Get Set Go chronology
| So You've Ruined Your Life (2003) | Ordinary World (2006) | Selling Out & Going Home (2007) |

= Ordinary World (album) =

Ordinary World is the second studio album by American band Get Set Go, released on January 17, 2006 through TSR Records. The album marks a shift in sound for the band, going for more of an indie rock approach when compared to the slick pop-punk sound of its predecessor, So You've Ruined Your Life. All of the album's tracks were written during a time in which the band's main songwriter, Michael Torres, was addicted to drugs. Lyrical themes include misanthropy, drugs, alcohol, terrorism, the end of the world, murder, and relationship problems. It is the first album to feature long-time band members Eric Summer and Dave Palamero.

Professional ratings
Review scores
| Source | Rating |
| AllMusic |  |
| PopMatters |  |

==Background and recording==
Get Set Go formed in 2002 in Highland Park, Los Angeles with a line up consisting of guitarist, vocalist, and main songwriter Michael Torres (known by his nickname Mike TV), bassist Patrick Flores (known by his nickname Dr. Modo) and drummer Amy Wood. The trio were signed to the independent family-operated TSR Records in 2003 and released their debut album So You've Ruined Your Life in September that same year. The album met very little fanfare and next to no radio airplay, and by 2004, both Flores and Wood left the band to pursue other careers (both did, however, help with the production of Ordinary World later on). Torres fell into a state of depression afterwards and later became a drug addict.

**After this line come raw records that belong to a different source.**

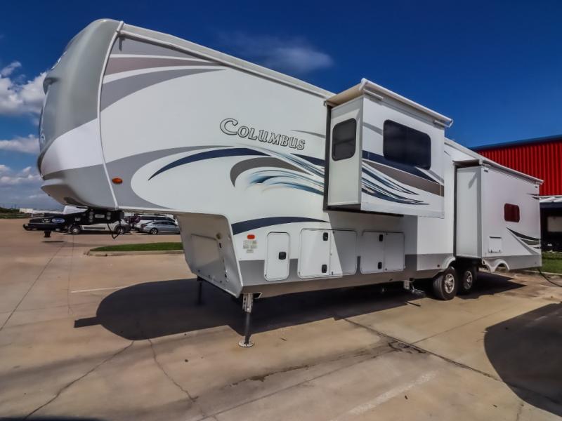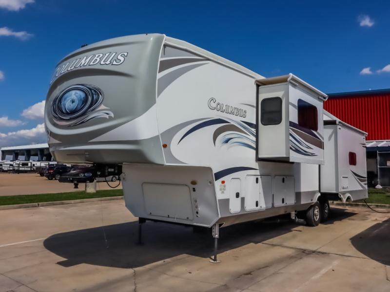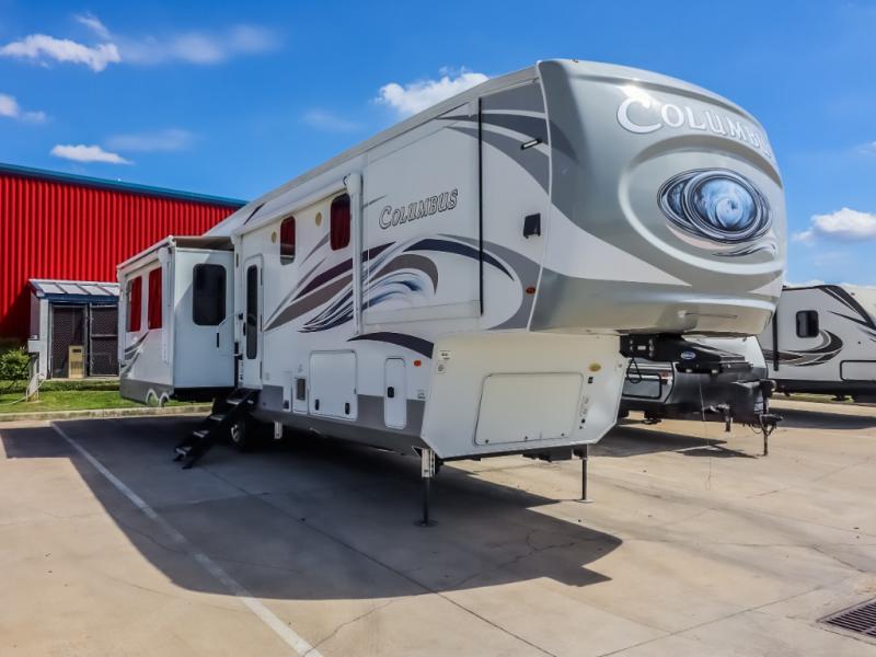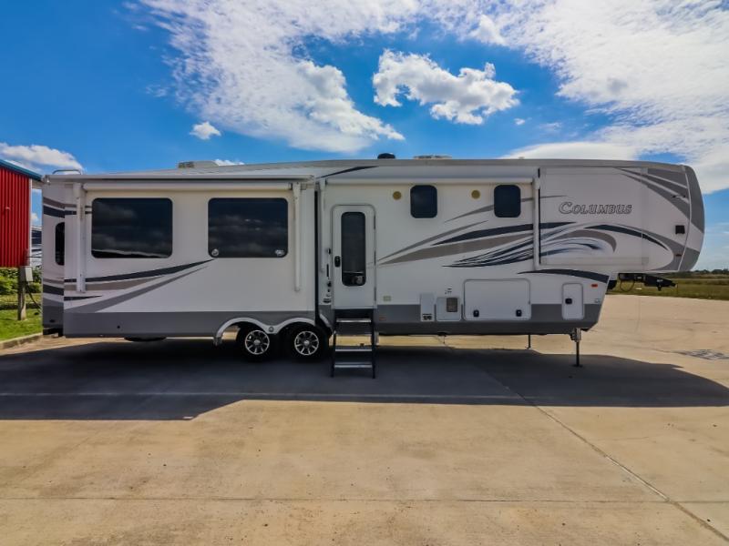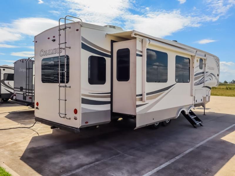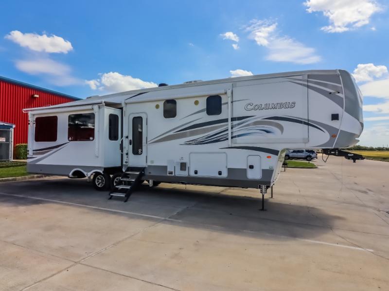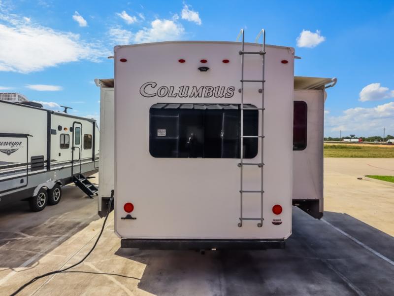 Experience a different camping life with residential furnishings and high end features in each one of these Palomino Columbus fifth wheels! The 101" wide body lets you walk around more throughout and the all-welded aluminum-frame superstructure has a snap-in ceiling molding to hold up through every adventure. Don't leave any of your gear behind either when you can easily store it in the climate controlled drop frame storage area. On the exterior, you'll find a heated utility convenience center, an outside shower to keep the dirt outside where it belongs, and magnetic compartment door holds to keep them from falling on you as you grab your items. Plus, there are some modern features that will really seal the deal like the Wi-Fi Booster with 4G LTE capability, the central vacuum system, the preparations for a washer/dryer, and the preparations for 200W solar panels with 6V batteries.
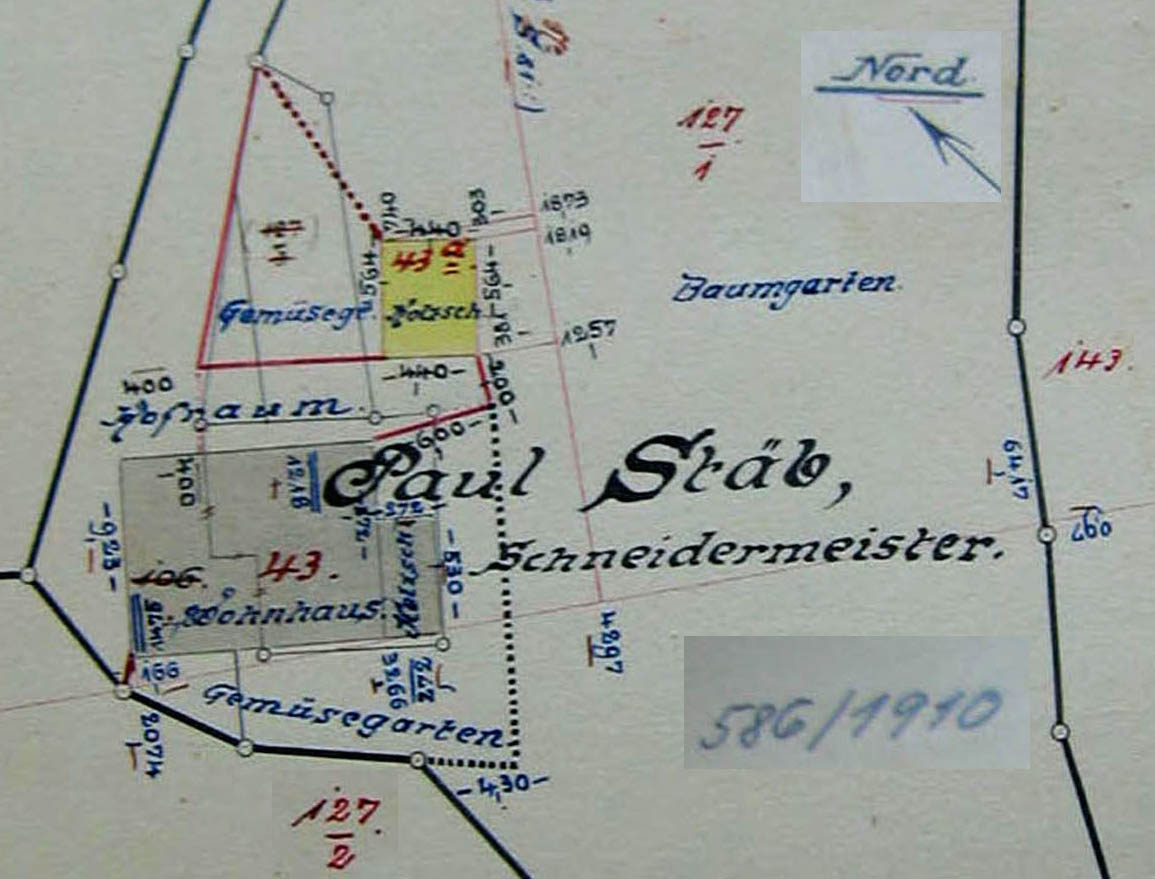 Garten und Wiese für 350 fl. Intern: Ob Stäb nun weiter das Haus 43
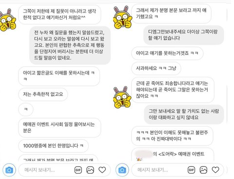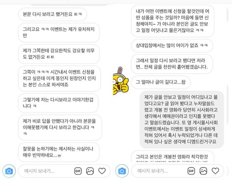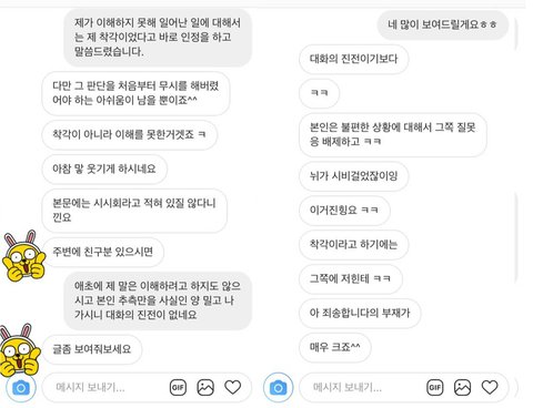 '제 말이 이해가 안되나요?'등의 공격적인 언사에 무척 불쾌했지만 침착하게 제가 착각한 것 같다고 웃으면서 말씀드렸는데 이후 계속해서 디엠을 통해 제가 본인을 기만했다고 말씀하시며 비꼬시고 친구들에게 보여주라고 말씀하시길래 객관적으로 판단해주시기를 바라는 마음에서 사실 그대로 토씨하나 안빠트리고 캡쳐해서 글을 씁니다.
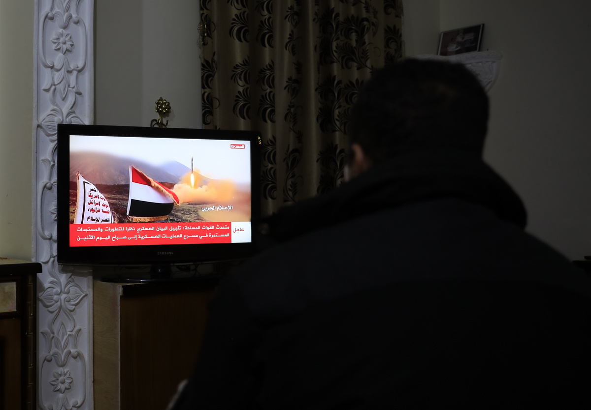 epa11165364 A person watches the news on a Houthis-run TV after a UK-registered ship came under attack in the Red Sea, in Sana'a, Yemen, 19 February 2024. A UK-registered cargo ship came under attack on 18 February in the Red Sea off the coast of Yemen, according to the UK's Maritime Trade Operations (UKMTO). The attack came just a day after the US forces launched five strikes on Houthi targets, including an unmanned underwater vessel, in Yemen. The US designation of Yemen's Houthis as a 'Specially Designated Global Terrorist group' came into effect on 16 February, due to their increased attacks on shipping lanes in the Red Sea and the Gulf of Aden since November 2023. The US Department of Defense announced in December 2023 a multinational operation to safeguard trade and protect ships in the Red Sea in response to the escalation of Houthi attacks. EPA/YAHYA ARHAB
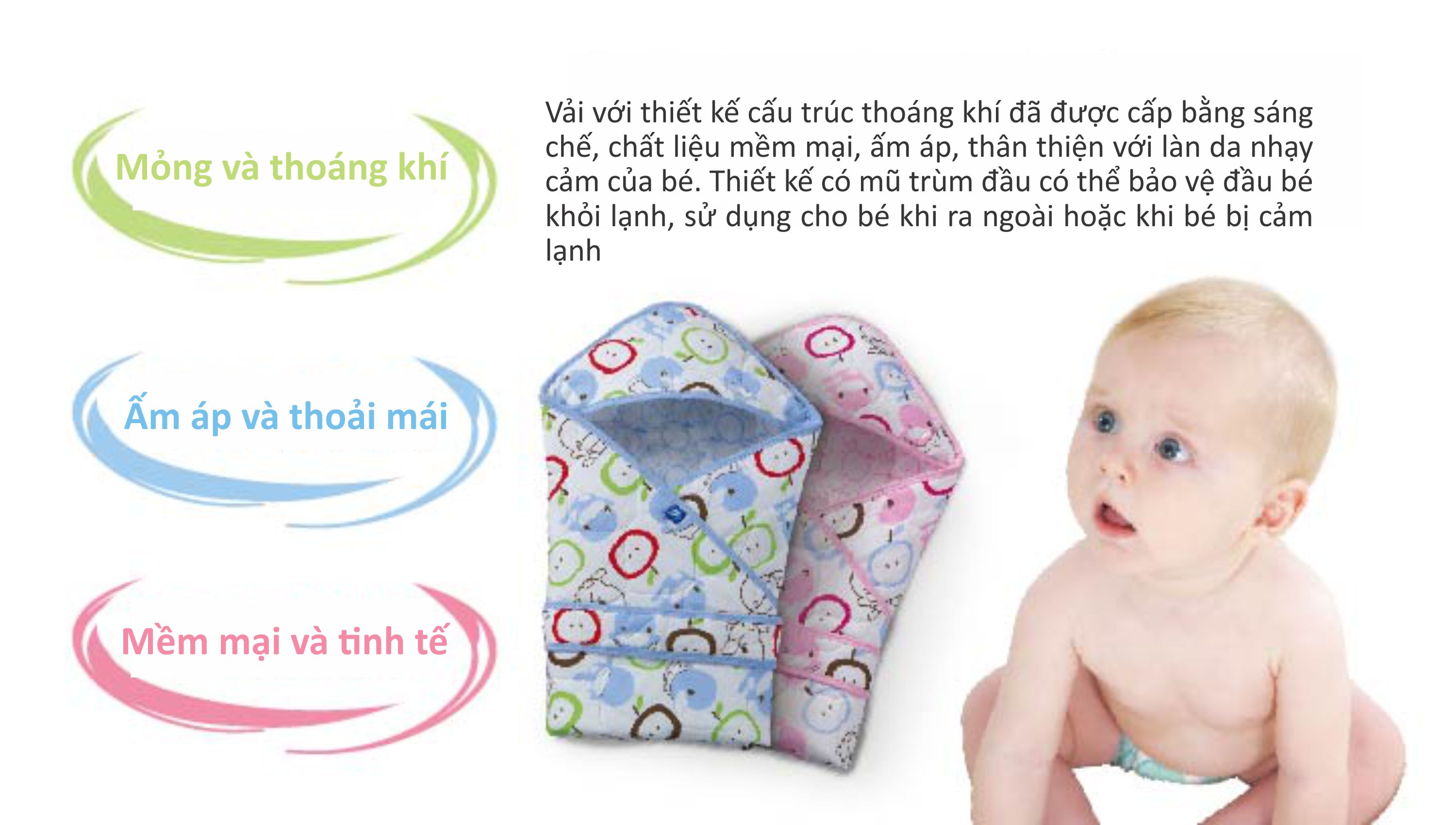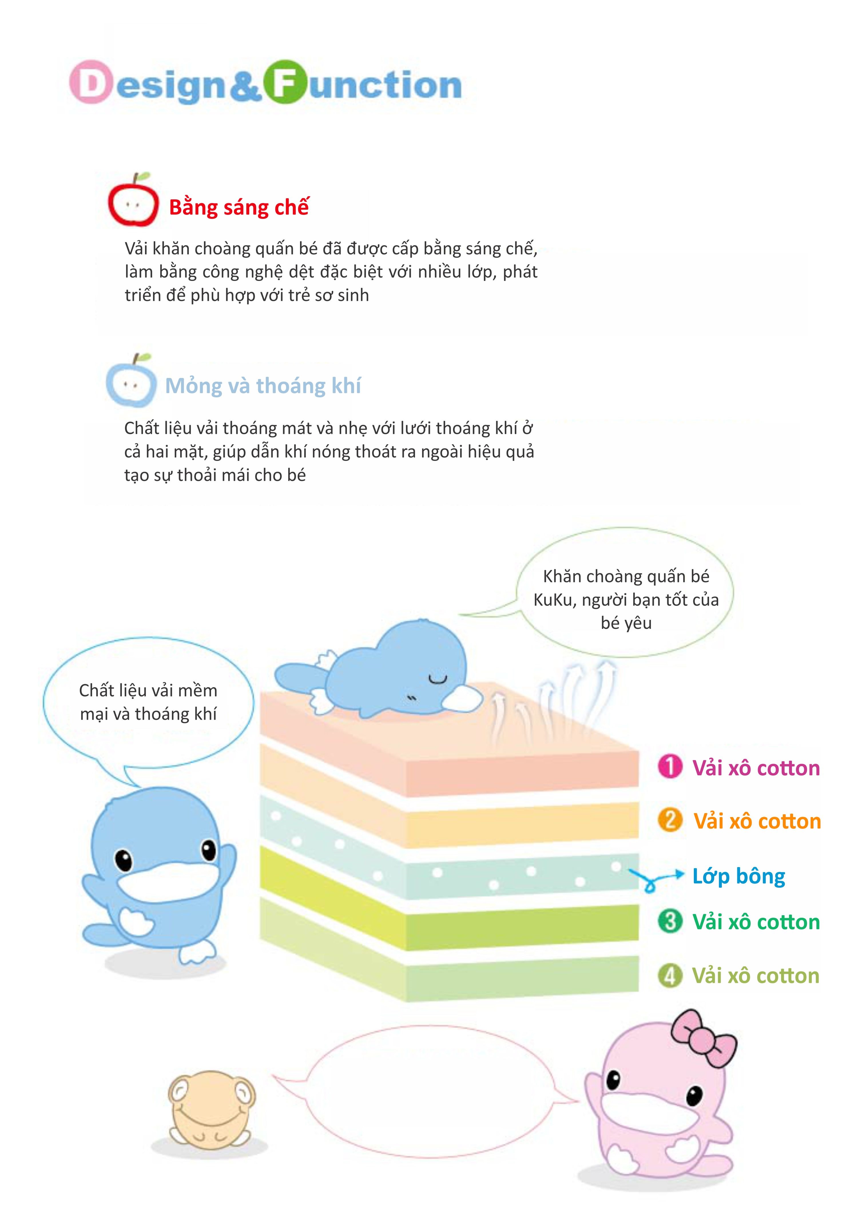 Họa tiết bông hoa được đính trên nền vải gấm khổ lớn ba lớp. Gạc ba mềm và nhẹ sử dụng sợi hữu cơ nhẹ nhàng quấn bé. Ngoài khả năng thoáng khí và hút nước

During his addiction, Torres wrote 64 songs on his acoustic guitar, most of which later found their way on Ordinary World. By 2005, Torres was able to become sober and, with the help of new members of the band, began working on the second Get Set Go album. While Ordinary World was only ever released on compact disc formats, the design of the album is a homage to double disc LP records, with the track listing being divided into four "parts" (four sides of a record).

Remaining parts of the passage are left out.